Hudson showed her a defiant scowl. “You really think I’m going to let you sink this ship? I’m not leaving this bridge.”
Jaz shrugged. “Okay. Your choice.”
She lifted her gun and sprayed Hudson and Williams with bullets. Their bodies hit the deck with solid thunks.
She turned to her men. “Okay, boys, let’s roll. We’ve got work to do.”
FORTY
Ostrov Gukera Island
THE Antilles G-21G Super Goose skidded across the choppy waters of Tikhaya Bay, its pontoons creaming out twin wakes as April throttled back the turbine engines, gradually applying back elevator pressure. Gliding around in a half-circle, the seaplane rocked to a stop. Fat globules of wind-driven rain smacked against Skarda’s window, trickling down in branching streamers. Tatters of gray mist obscured what little they could see of the shore. Peering through the canopy, he could just make out the swaybacked hump of Rubini Rock, its blackish-brown flanks blurred and robbed of their color.

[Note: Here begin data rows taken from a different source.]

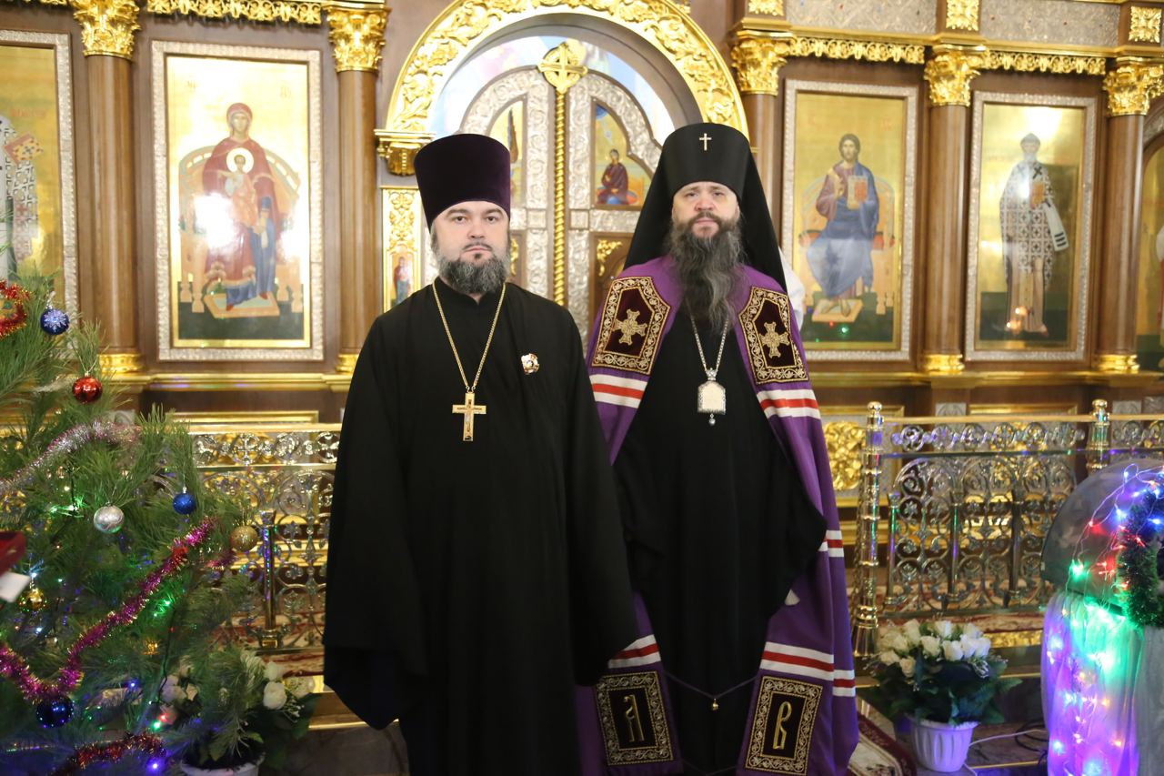 За Божественной литургией Его Высокопреосвященству сослужили секретарь епархии иеромонах Силуан (Исаев-Баидаури), настоятель станичного храма Рождества Христова иерей Павел Корякин, настоятель Казанского храма в Каспийске иеромонах Иоанн (Анисимов).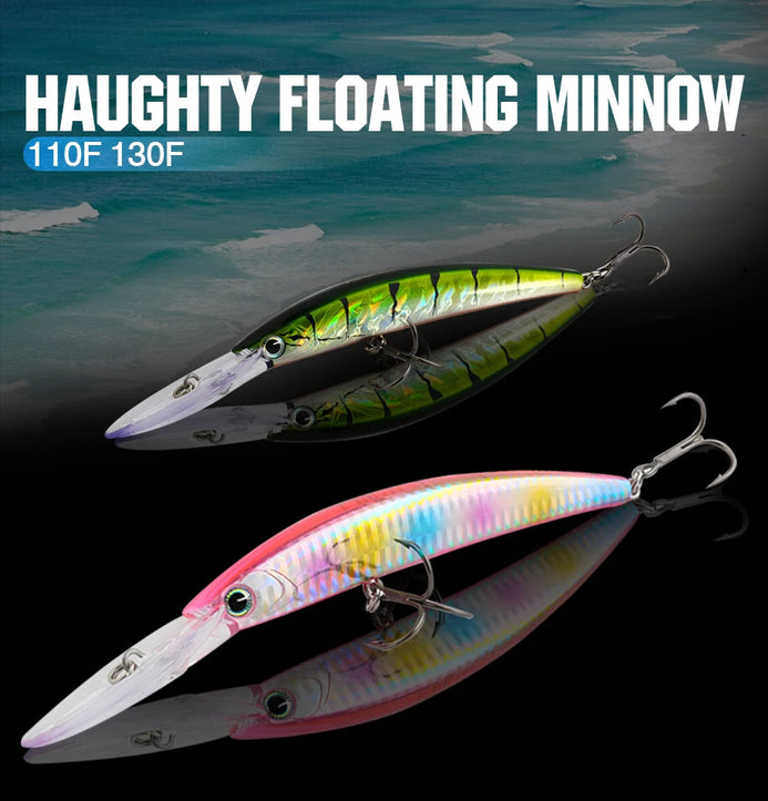 1. Haughty Hard Minnow Fishing Lures, Deep Diving Sinking Jerkbait Lures with Treble Hook perfect for Bass, Trout, Walleye, Redfish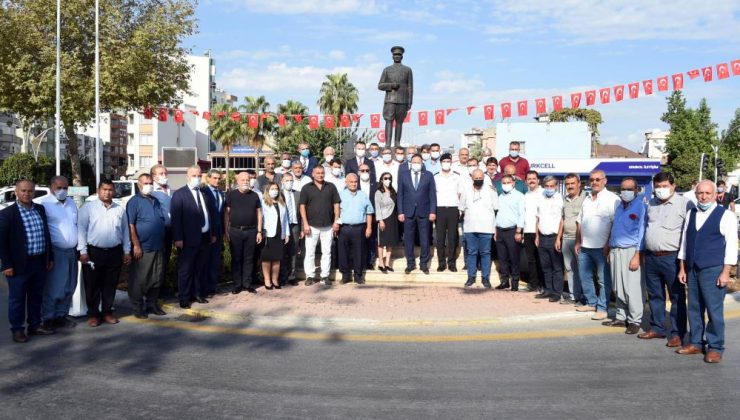 Muhtarlar Günü dolayısıyla düzenlenen kahvaltı sonrasında protokol üyeleri mahalle muhtarlarına çiçek takdim ederek, günlerini kutladılar. (Mersin Times)

During the flight, Flinders had lapsed into an uncharacteristic silence, withdrawing into herself, and now, in the rear seat, she had grown even more quiet as they approached the island. Skarda glanced over at her, seeing the tight line of her mouth and rigid arc of her spine as she stared out the porthole at the mist-shroude
d island. Coming to the place where her parents might have died was a palpable weight on her shoulders. It must have been terribly hard, he reflected, for an intelligent, sensitive girl of twelve to lose them, especially in a frigid, lonely outpost like this, so far from home.
Climbing out of the cockpit, he looked up at the sky. High above the island the rain clouds were breaking up, revealing open patches of blue Arctic twilight that at this time of the year preceded the deep polar night, but tatters of heavy mist still scudded across his vision. On the surface of the ocean April had already inflated a Zodiac tender. Skarda put his arms up to help Flinders climb down from the cabin, steadying her against the pitch of the inflatable. Even though the temperature had risen to the low twenties, they were wearing Aramark Arctic survival parkas, six-layer gloves, and waterproof boots. Under her coat April had strapped the knife sheath across her chest and stuck the Glock in her waistband. In her right hand she carried the Steyr AUG.